Es gibt in Frankfurt ein schönes Beispiel. Ein ganz großer Lyriker, Paulus Böhmer, der wunderbare Langgedichte schreibt, und in seiner Gemeinde sehr berühmt ist, aber noch berühmter wäre er, wenn die Leute wüssten, dass er für eine große Mineralölgesellschaft den Spruch erfunden hat "Pack den Tiger in den Tank". Und damit wahrscheinlich mehr Geld verdient hat als mit seinen wunderbaren Gedichten. Kurt Tucholsky hat das ein bisschen kritischer gesehen, aber das Thema war ihm durchaus nicht fremd. Er reimte:
'Mein lieber guter Tengelmann, was geht mich denn dein Kaffee an / und deine Teeplantage … ach, leck mich doch', und dann folgt ein sogenannter unreiner Reim.
Ich bin leider nie gefragt worden. Dabei hätte ich das eine wunderbare Möglichkeit gefunden, anstatt um irgendwelche Honorare oder Gratifikationen zu betteln oder Stipendien, einfach wunderbar viel Geld zu verdienen mit knackigen Werbesprüchen. Natürlich nur für ehrenwerte Produkte, zum Beispiel Katzenfutter oder Anti-Aging-Präparate oder Spätburgunder oder chinesische Woknudeln. Mir fiele da einiges ein. Es gäbe so viele charmante unverdächtige Produkte. Also ich bin für Vorschläge dankbar."
Tanja Kinkel
"Ich fände es sehr arrogant zu sagen: 'Igitt! Werbung, wie kann man nur!'
Wir Autoren sind ja (...) nicht prominent, dass irgendjemand uns anbieten würde, uns mit einem Cola vor die Kamera zu stellen und zu sagen 'Trink das!'
Ich glaube (...) nicht, dass Werbung etwas inhärent Negatives ist, und, ja natürlich, wenn ich nach Ende meines Studiums noch nicht in der Lage gewesen wäre, vom Schreiben leben zu können, hätte ich einen Zweitberuf ausgeübt. Ich hätte es als Journalistin versucht, vielleicht auch als Dozentin, (...) und zu dem Zeitpunkt, denke ich, wär mir eben auch bekannt gewesen, dass es auch die Werbetexter-Option gibt. Ich kenne mittlerweile mehrere Kollegen, und zwar auch international, die als Werbetexter angefangen haben. Eine indische Autorin namens ShobhaaDé zum Beispiel, hat in einer Werbeagentur angefangen, hat dann für Bollywood gearbeitet, und schreibt heute Romane.
Bei uns, allein dadurch, dass unterhaltende Romane schon von der Kritik mit einem misstrauischen Auge angesehen werden, ist die Hemmschwelle bei Autoren dann auch noch zu sagen, ach, übrigens, ich habe mein Handwerkszeug in einer Werbeagentur gelernt, noch sehr viel höher als bei den Briten oder Amerikanern."

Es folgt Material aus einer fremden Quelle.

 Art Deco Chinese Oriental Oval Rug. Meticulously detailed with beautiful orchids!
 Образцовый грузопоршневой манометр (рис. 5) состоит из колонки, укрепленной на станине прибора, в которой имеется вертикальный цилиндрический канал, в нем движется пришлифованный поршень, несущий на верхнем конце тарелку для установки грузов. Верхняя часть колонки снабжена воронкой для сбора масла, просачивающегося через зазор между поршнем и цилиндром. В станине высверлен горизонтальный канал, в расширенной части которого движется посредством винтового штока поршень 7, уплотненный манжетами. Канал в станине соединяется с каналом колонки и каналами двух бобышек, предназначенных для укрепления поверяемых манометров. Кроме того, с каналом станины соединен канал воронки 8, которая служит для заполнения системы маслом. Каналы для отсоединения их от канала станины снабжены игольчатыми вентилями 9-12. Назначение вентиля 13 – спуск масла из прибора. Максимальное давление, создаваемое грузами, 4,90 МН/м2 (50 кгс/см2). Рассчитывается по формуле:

Fabienne Stramm, Werbetexterin
"Der größte Schnittpunkt zwischen Poeten und Werbetextern, würde ich behaupten, ist die Liebe zum geschriebenen Wort. Weil beide Seiten Geschichten erzählen.

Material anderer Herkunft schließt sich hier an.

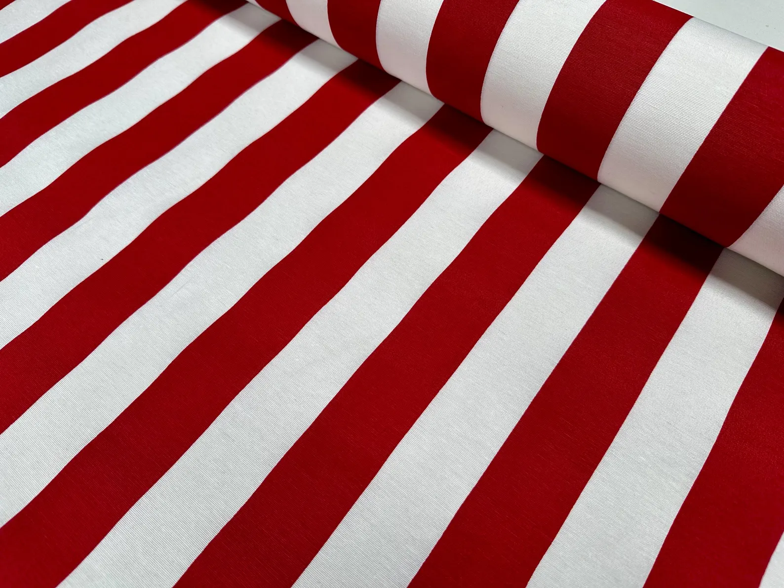 Add a bold, classic touch to your projects with this striking red and white broad-striped fabric. Featuring versatile 4cm wide stripes, this medium-weight fabric has a stylish linen-look texture, perfect for a range of creative uses. A stylish and practical choice for upholstery, decor, and artistic creations!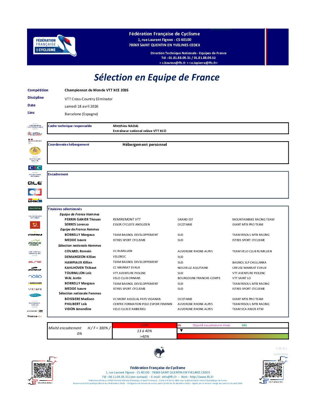 Championnat du Monde VTT XCE 2026 – Barcelone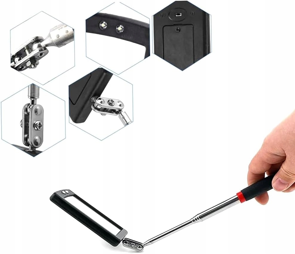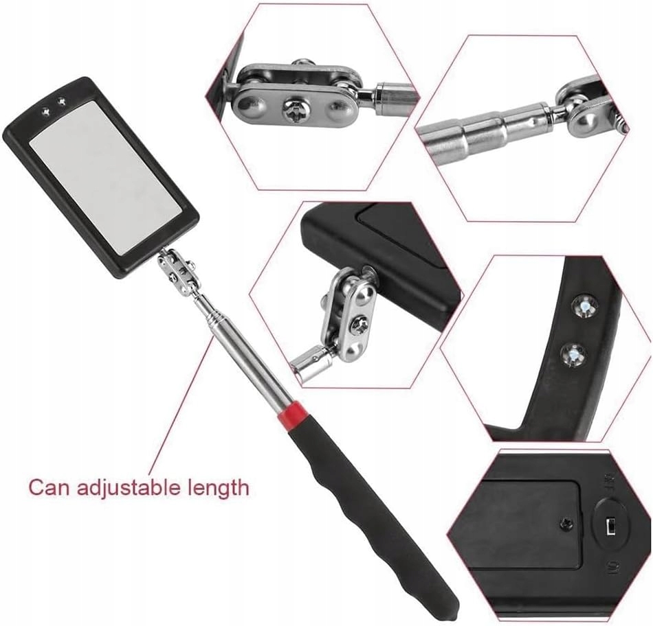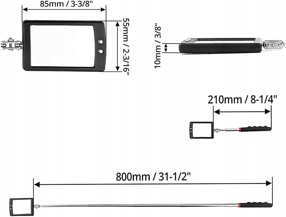 2 прямокутних дзеркала розміром 25 x 17 довжина в розкладеному стані 34 довжина в складеному вигляді 75 4. Телескопічні оглядові труби можна зберігати в гаражі, ящику для інструментів, машині, комоді, сумці для одягу або де завгодно, ви також можете подарувати його як подарунок вашій сім'ї тощо. 1. Оглядове дзеркало - хороший інструмент для ваших потреб у огляді. За допомогою телескопічної палиці ви можете регулювати довжину ручної палиці під свої потреби, її зручно переносити і зберігати, нашийне дзеркало можна повертати на 360 градусів, що полегшує спостереження за важкодоступними місцями. 3. Оглядові дзеркала ідеально підходять для виробників інструментів, механіків, інспекторів, а освітлювальні прилади для механіків роблять його особливо корисним у темних і важкодоступних місцях Оглядове дзеркало постачається з батарейками CR2032 зручна пластикова ручка з м’якою нековзкою гумовою рукояткою 5. Універсальне використання Телескопічне оглядове дзеркало LED може легко допомогти вам знайти падаючі предмети. Це практичний аксесуар для ремонту автомобіля, катання на човні, кемпінгу, риболовлі та для будь-якої скриньки для інструментів, а також як несподіваний подарунок на дні народження, День святого Валентина, День батька, Різдво тощо.

Es geht bei uns nicht um die großen Wörter, sondern um d a s große Wort. Heutzutage hat man einfach nicht mehr die Gelegenheit, ganze Textabsätze zu schreiben, sondern muss in einer Headline am besten schon überzeugen, das Interesse wecken, seine Botschaft auch mitteilen. Dann natürlich ist für den Kunden auch wichtig: wie wird er dargestellt, warum betone ich folgende Produkthighlights, warum setze ich die Schwerpunkte wie auch immer."
Literaturhinweis:
Robert Kuhn: "Wenn Dichter texten". Die Stern Bibliothek, Verlag Gruner + Jahr. Hamburg 1996.